Alton Towers (2026 Season):
Ticket: £34 (Online Advance)
Standard Parking: £12
Total: £46.00

Paultons Park (2026 Season):

Ticket: £46.75 (Online Advance)
Parking: £0.00
Total: £46.75

You are paying for the parking at Paultons; they just force you to pay for it whether you bring a car or not. It's the Ryanair vs BA model. One unbundles everything to show a lower headline price, and the other bundles it all in to appear "premium" (and avoid the bad PR of a barrier charge).

That is not how Business Rates work.

The Valuation Office Agency does not walk around Paultons Park counting individual parking bays and sending a bill per tarmac rectangle. Theme parks are valued using the Receipts and Expenditure method. The rateable value is derived from the trading potential of the entire property (the hereditament), not by itemising individual assets like parking spaces or toilets.

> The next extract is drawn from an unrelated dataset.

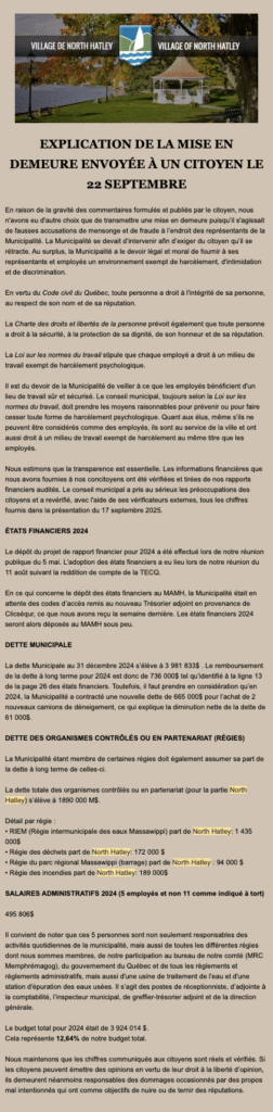 Dans son bulletin diffusé le 1er octobre à 13 h 11, la Municipalité de North Hatley cherche à justifier deux éléments : le retard du dépôt de ses rapports financiers et la mise en demeure transmise au citoyen M. Reed.

The government currently offers 100% first year capital allowances for expenditure on electric vehicle charging points. Installing them is actually a tax efficient way to invest capital, not a tax burden.
No, the valuation office does not walk around anywhere these days not that I implied they did. I know because I work with them regularly. Car spaces are rated individually but for theme parks they are park of the overall assessment however the point still stands.

The Valuation office are also looking at spaces with charging points and they are rated higher so long term they are more expensive than a standard space irrespective of how they cost. It's up to the park how that cost is passed on, hence the differences in season passes though in honesty it's all smoke and mirrors, you either pay on the day or as part of your ticket price.
 
No, the valuation office does not walk around anywhere these days not that I implied they did. I know because I work with them regularly. Car spaces are rated individually but for theme parks they are park of the overall assessment however the point still stands.
If we are going to get into the weeds of the Valuation Office Agency's practice notes, we should probably be precise.

Whilst you are correct that car parking spaces can be rated individually (typically for office blocks or standalone commercial car parks), for a theme park valued under the Receipts and Expenditure method, the parking is not rated on a "per space" basis. It is rated based on the trading potential of the hereditament.

The "cost" of the car park in business rates terms is directly linked to the revenue it generates.

If Paultons charges £0 for parking, the direct revenue from that asset is zero. It contributes to the overall attractiveness of the park, which drives gate receipts, but it doesn't create a separate pile of cash for the VOA to tax.

If Alton Towers charges £12 per car, they are generating millions in specific parking revenue. That revenue increases their Fair Maintainable Trade, which in turn increases their Rateable Value, which increases their Business Rates bill.

Merlin, by charging for parking, actually increases their tax liability compared to bundling it, because they are extracting more cash from the customer overall. Paultons aren't "passing on the cost" of the space. They are avoiding generating a taxable revenue stream from it in the first place (whilst inflating the gate price to compensate, which is taxable, so it balances out).
The Valuation office are also looking at spaces with charging points and they are rated higher so long term they are more expensive than a standard space irrespective of how they cost. It's up to the park how that cost is passed on, hence the differences in season passes though in honesty it's all smoke and mirrors, you either pay on the day or as part of your ticket price.
The installation of EV infrastructure currently attracts 100% First Year Allowances (capital allowances) against Corporation Tax. It is one of the few things the government actually pays businesses to build. Whilst the VOA might eventually decide to rate them higher, right now they are a tax shield, not a burden.

We are in violent agreement on your final point, however. Whether it is itemised on the receipt or hidden in the ticket price, the customer always pays for the tarmac they park on. Paultons just hide it better.